### Entries provided

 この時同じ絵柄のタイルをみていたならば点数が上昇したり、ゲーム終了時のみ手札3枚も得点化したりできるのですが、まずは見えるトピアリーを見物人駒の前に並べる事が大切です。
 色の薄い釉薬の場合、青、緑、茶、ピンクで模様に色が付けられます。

...

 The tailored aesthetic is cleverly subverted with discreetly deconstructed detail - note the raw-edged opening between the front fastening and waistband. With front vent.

### Task prompt
Starting at the line that contains "この時同じ絵柄のタイルをみて" and stopping after the line that contains "色の薄い釉薬の場合、青、緑、茶、ピンクで模様に色が付けられます。", write out every line exactly as it appears above, and no other line.

### Answer to this problem
 この時同じ絵柄のタイルをみていたならば点数が上昇したり、ゲーム終了時のみ手札3枚も得点化したりできるのですが、まずは見えるトピアリーを見物人駒の前に並べる事が大切です。
 色の薄い釉薬の場合、青、緑、茶、ピンクで模様に色が付けられます。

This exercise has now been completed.